Question

Diagonals $AC$ and $BD$ of a quadrilateral $ABCD$ interested at $O$ in such a way that $ar\left(△AOD\right)=ar\left(△BOC\right)$. Prove that $ABCD$ is a trapezium.

Answer 1

Here, $ABCD$ is a quadrilateral where diagonals $AC$ and $BD$ intersect at $O$.

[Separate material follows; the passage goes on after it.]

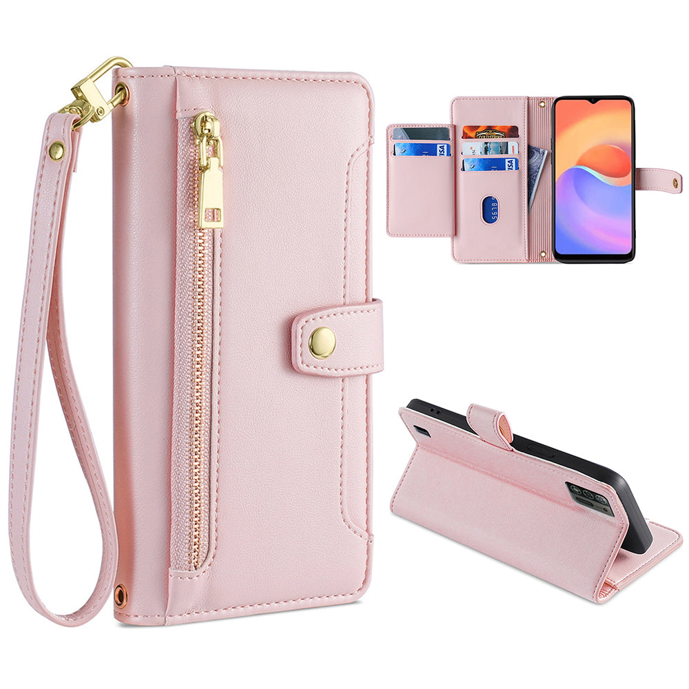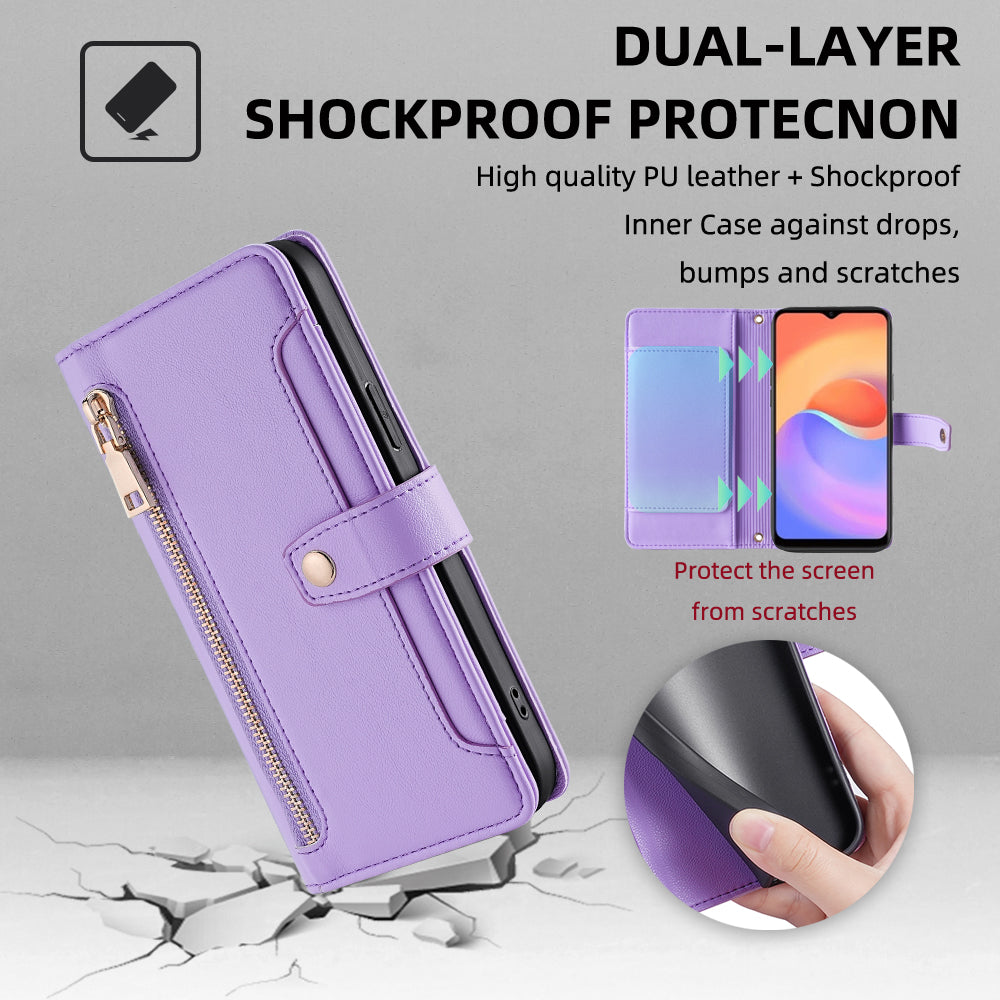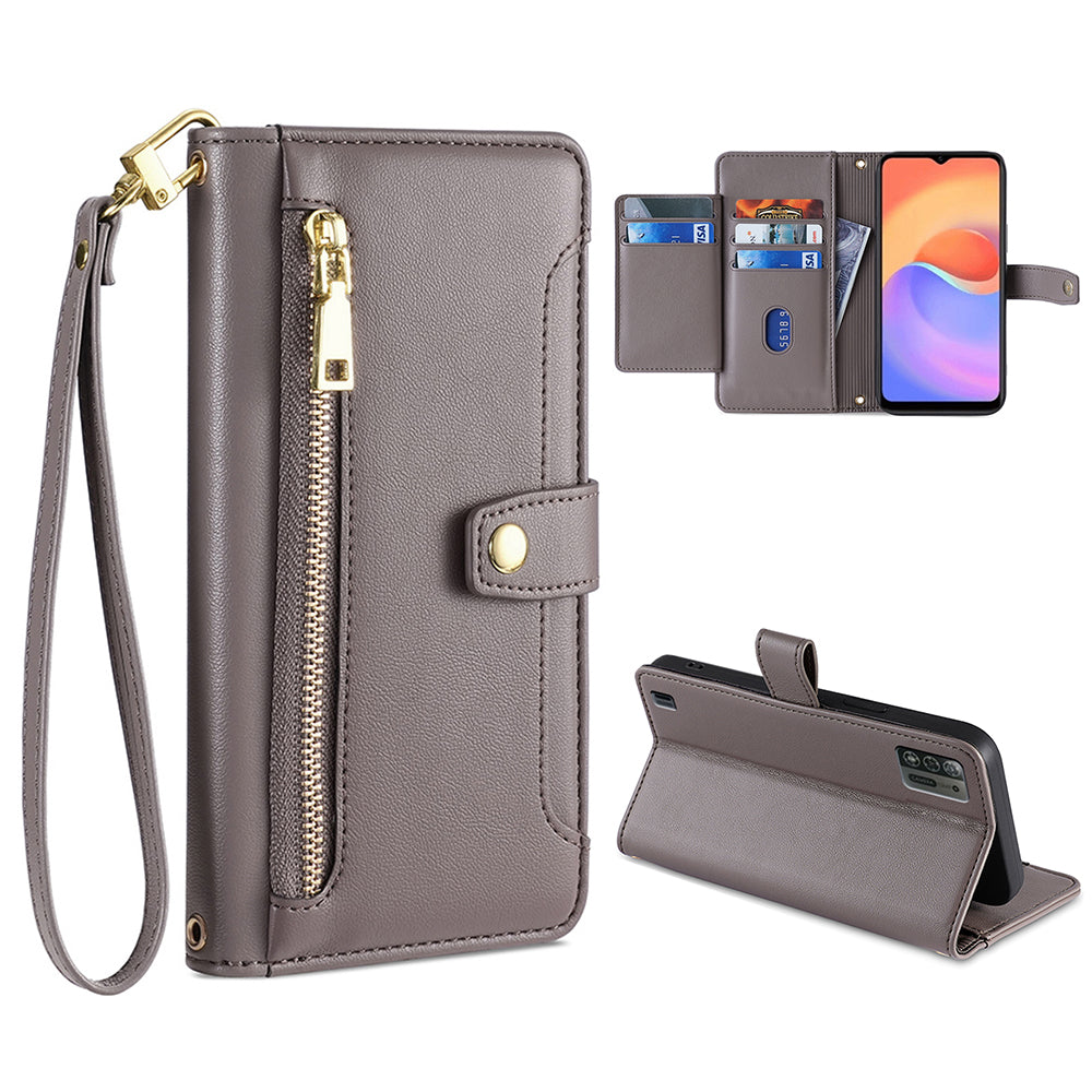 For ZTE Blade A52 Lite 4G Full Protection PU Leather Stand Case Zipper Pocket Card Slots Flip Phone Cover with Wrist Strap and Shoulder Strap

$\Rightarrow$ $ar\left(△AOD\right)=ar\left(△BOC\right)$

Adding $ar\left(ODC\right)$ on both sides,

$\Rightarrow$ $ar\left(AOD\right)+ar\left(ODC\right)=ar\left(BOC\right)+ar\left(ODC\right)$

$\Rightarrow$ $ar\left(ADC\right)=ar\left(BDC\right)$

Now, $△ADC$ and $△BDC$ lie on the same base $DC$ and are equal in area and they lie between the lines $AB$ and $DC$

$\Rightarrow$ $AB\parallel DC$ ( Two triangles having the same base and equal areas lie between the same parallels )

In $ABCD,$

$\Rightarrow$ $AB\parallel DC$

So, one pair of opposite sides is parallel,

$\therefore$ $ABCD$ is trapezium.